Task instructions. In the records below, find the line containing "La popolazione di" and the line containing "Iluminize LED di"; please repeat exactly the lines from one to the other, both included, and nothing more.

Supplied material.
-- Opening Marker --
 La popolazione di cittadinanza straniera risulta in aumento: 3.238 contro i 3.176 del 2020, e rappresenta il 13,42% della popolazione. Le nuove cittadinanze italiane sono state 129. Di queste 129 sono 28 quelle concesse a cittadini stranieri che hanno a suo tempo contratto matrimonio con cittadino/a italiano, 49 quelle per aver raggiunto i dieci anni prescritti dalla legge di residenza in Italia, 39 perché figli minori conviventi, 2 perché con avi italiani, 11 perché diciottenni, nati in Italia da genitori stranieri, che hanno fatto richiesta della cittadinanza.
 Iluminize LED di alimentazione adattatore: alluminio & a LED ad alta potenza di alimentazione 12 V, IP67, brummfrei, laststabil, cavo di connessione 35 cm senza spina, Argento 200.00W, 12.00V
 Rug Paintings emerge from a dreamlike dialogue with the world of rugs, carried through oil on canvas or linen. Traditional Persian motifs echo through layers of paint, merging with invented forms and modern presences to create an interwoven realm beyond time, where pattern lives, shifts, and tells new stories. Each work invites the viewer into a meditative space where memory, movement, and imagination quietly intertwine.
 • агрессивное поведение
-- Closing Marker --
-- Opening Marker --
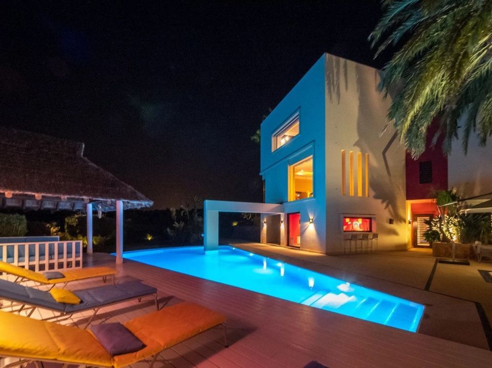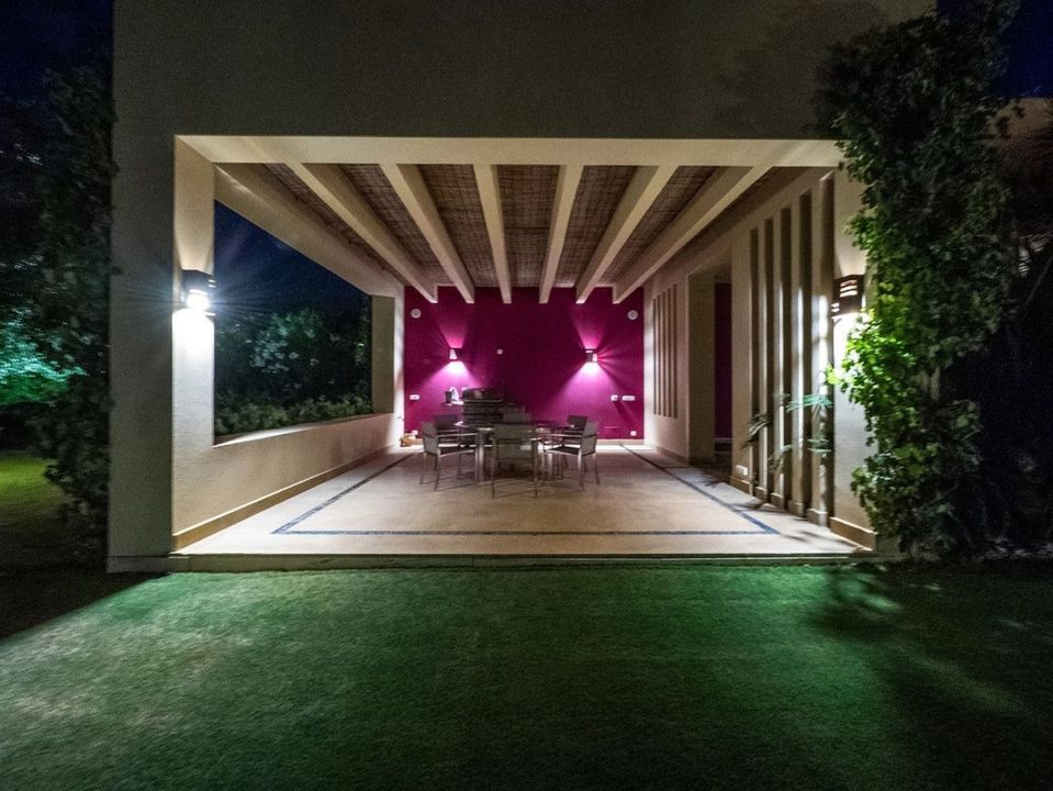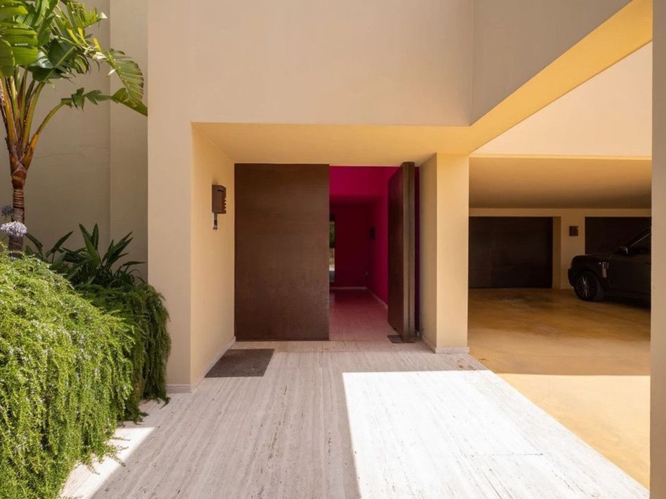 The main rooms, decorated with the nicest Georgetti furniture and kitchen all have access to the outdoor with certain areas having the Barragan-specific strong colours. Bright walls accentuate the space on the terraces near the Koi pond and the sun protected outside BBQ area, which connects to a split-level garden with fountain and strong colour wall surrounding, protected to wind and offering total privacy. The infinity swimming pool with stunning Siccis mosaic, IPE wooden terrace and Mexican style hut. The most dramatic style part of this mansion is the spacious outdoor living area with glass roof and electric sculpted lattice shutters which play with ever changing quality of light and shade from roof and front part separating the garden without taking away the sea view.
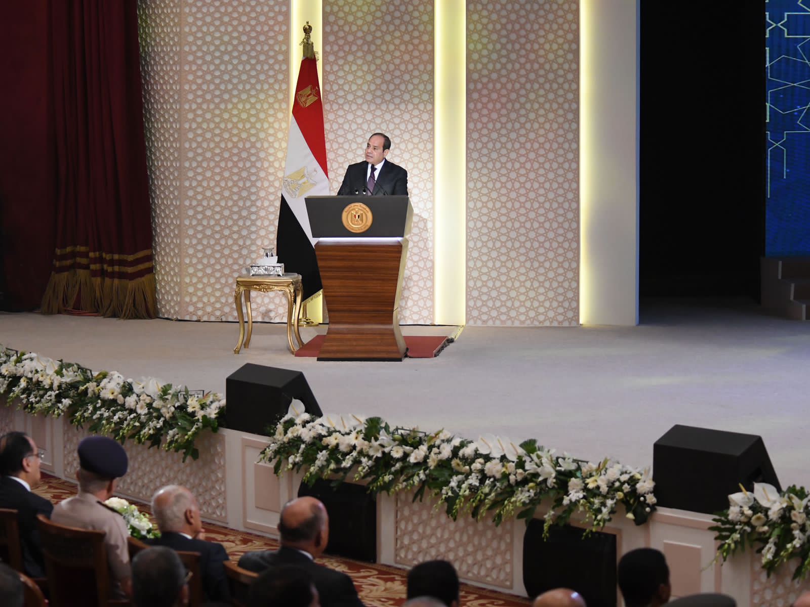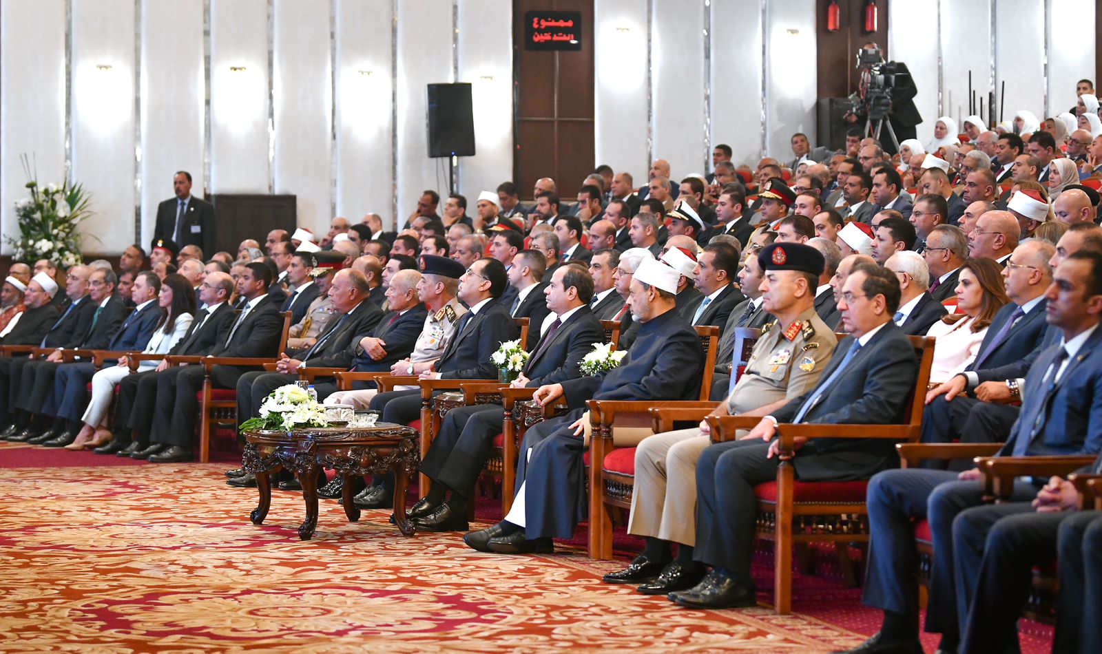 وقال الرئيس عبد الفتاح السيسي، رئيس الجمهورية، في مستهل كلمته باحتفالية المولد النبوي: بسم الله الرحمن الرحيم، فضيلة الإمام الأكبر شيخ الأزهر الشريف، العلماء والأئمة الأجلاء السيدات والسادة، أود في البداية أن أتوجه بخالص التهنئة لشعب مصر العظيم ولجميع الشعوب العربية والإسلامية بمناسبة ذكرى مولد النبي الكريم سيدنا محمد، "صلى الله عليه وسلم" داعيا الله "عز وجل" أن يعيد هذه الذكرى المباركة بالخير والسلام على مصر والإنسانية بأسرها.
-- Closing Marker --
-- Opening Marker --
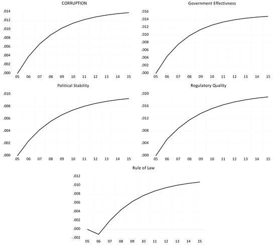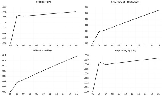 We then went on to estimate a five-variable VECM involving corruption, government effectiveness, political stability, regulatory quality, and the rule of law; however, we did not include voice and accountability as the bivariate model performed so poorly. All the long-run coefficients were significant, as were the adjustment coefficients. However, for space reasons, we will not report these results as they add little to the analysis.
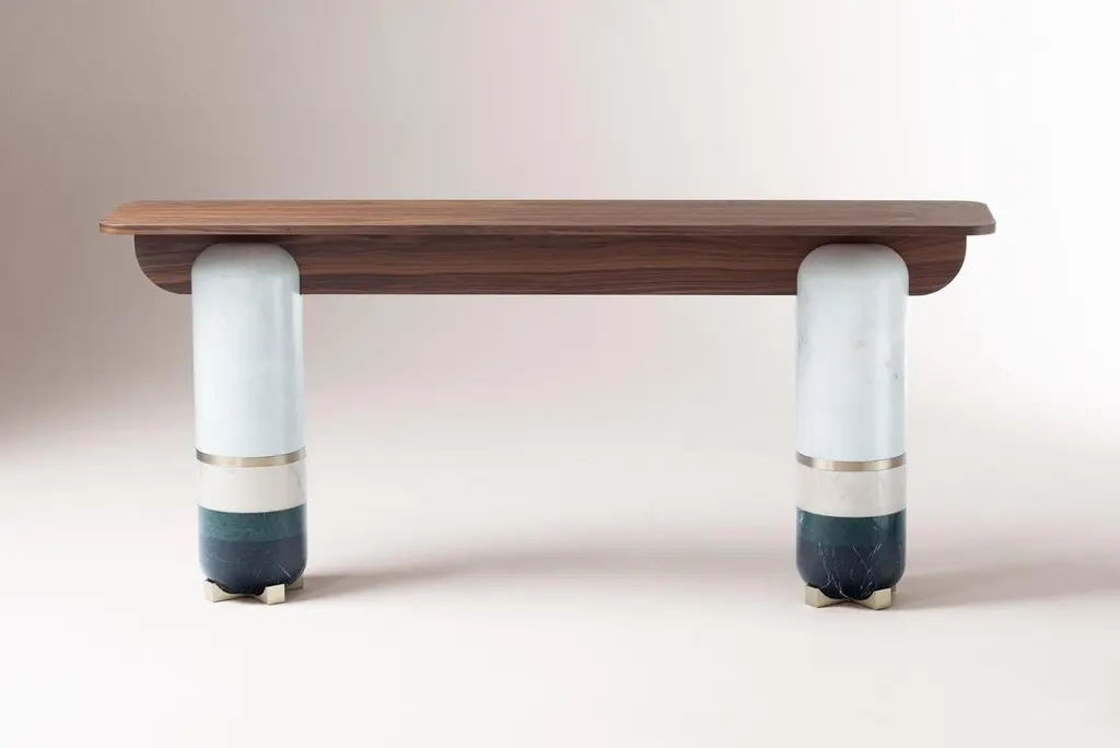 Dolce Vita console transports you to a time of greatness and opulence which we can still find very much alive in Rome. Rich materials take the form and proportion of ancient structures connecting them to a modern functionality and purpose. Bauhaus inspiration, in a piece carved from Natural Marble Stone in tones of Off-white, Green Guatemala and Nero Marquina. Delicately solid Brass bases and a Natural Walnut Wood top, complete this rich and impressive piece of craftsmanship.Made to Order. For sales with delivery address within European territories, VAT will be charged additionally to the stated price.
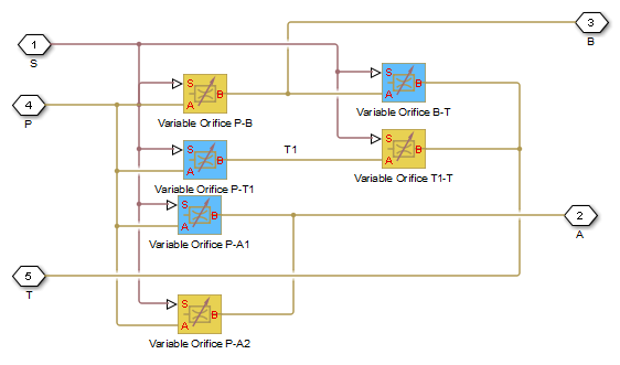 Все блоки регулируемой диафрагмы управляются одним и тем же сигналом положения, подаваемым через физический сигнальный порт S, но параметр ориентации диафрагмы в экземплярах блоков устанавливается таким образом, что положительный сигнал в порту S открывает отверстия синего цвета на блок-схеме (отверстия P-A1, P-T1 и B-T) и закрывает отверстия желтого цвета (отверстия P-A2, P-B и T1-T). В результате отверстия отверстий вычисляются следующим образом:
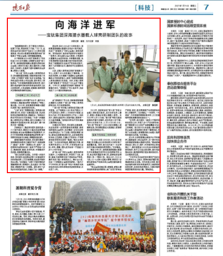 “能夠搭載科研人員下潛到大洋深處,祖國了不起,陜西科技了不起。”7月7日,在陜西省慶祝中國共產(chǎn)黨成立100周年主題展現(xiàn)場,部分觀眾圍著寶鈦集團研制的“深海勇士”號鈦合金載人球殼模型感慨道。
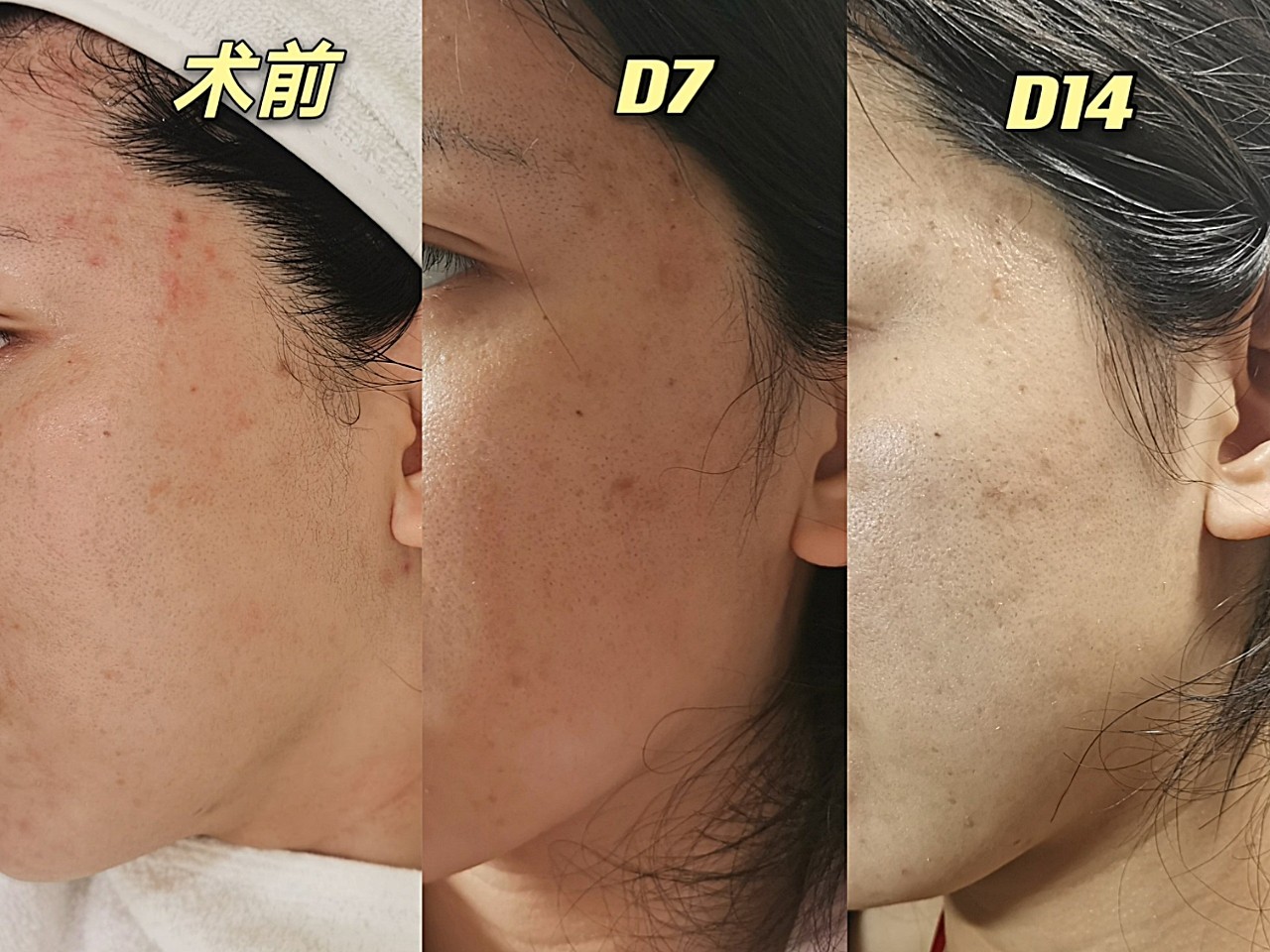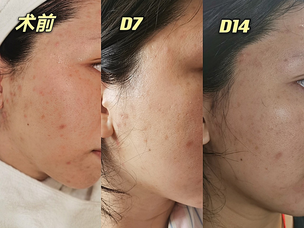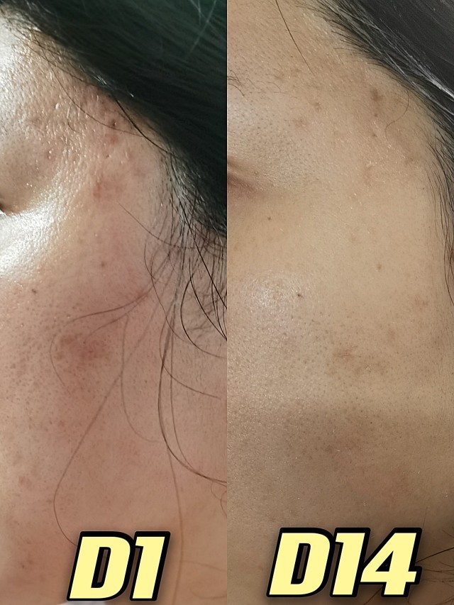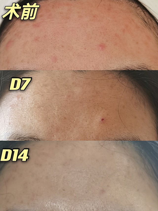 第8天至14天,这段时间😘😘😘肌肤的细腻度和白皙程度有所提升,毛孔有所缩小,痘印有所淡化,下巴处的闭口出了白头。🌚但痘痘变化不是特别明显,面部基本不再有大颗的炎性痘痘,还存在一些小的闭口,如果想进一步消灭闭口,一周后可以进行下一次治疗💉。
-- Closing Marker --
Response area.
 La popolazione di cittadinanza straniera risulta in aumento: 3.238 contro i 3.176 del 2020, e rappresenta il 13,42% della popolazione. Le nuove cittadinanze italiane sono state 129. Di queste 129 sono 28 quelle concesse a cittadini stranieri che hanno a suo tempo contratto matrimonio con cittadino/a italiano, 49 quelle per aver raggiunto i dieci anni prescritti dalla legge di residenza in Italia, 39 perché figli minori conviventi, 2 perché con avi italiani, 11 perché diciottenni, nati in Italia da genitori stranieri, che hanno fatto richiesta della cittadinanza.
 Iluminize LED di alimentazione adattatore: alluminio & a LED ad alta potenza di alimentazione 12 V, IP67, brummfrei, laststabil, cavo di connessione 35 cm senza spina, Argento 200.00W, 12.00V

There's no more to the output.